Targeted RNA sequencing reveals the deep complexity of the human transcriptome

Abstract
Rare transcripts remain enigmatic in part because they are difficult to detect robustly on a large scale. Mercer et al. show that targeted RNA sequencing after array capture can reach saturating depth at the targeted loci and reveal unprecedented levels of rare noncoding transcripts and previously unrecognized spliced variants from important loci such as p53 and HOX. Transcriptomic analyses have revealed an unexpected complexity to the human transcriptome, whose breadth and depth exceeds current RNA sequencing capability1,2,3,4. Using tiling arrays to target and sequence select portions of the transcriptome, we identify and characterize unannotated transcripts whose rare or transient expression is below the detection limits of conventional sequencing approaches.
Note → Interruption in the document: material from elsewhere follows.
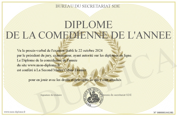 Envoyez par email votre Diplôme de la comédienne de l'année personalisé
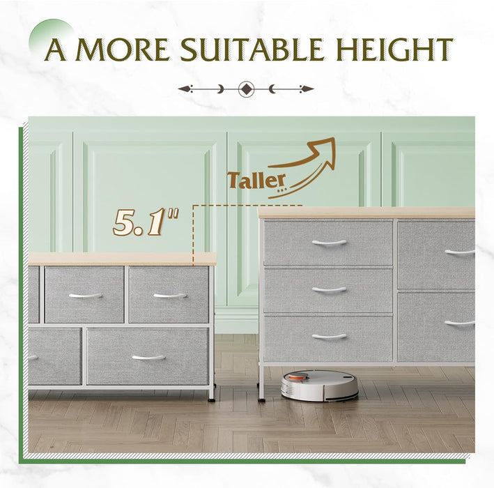 Refresh your space with a light grey fabric dresser that blends stylish storage with everyday practicality. This versatile 5-drawer unit is ideal for bedrooms, closets, living rooms, hallways, dorms, and offices—and it can even serve as a compact TV stand for small televisions, freeing surface space when you need it most.

We use the unprecedented depth of coverage afforded by this technique to reach the deepest limits of the human transcriptome, exposing widespread, regulated and remarkably complex noncoding transcription in intergenic regions, as well as unannotated exons and splicing patterns in even intensively studied protein-coding loci such as p53 and HOX. The data also show that intermittent sequenced reads observed in conventional RNA sequencing data sets, previously dismissed as noise, are in fact indicative of unassembled rare transcripts. Collectively, these results reveal the range, depth and complexity of a human transcriptome that is far from fully characterized.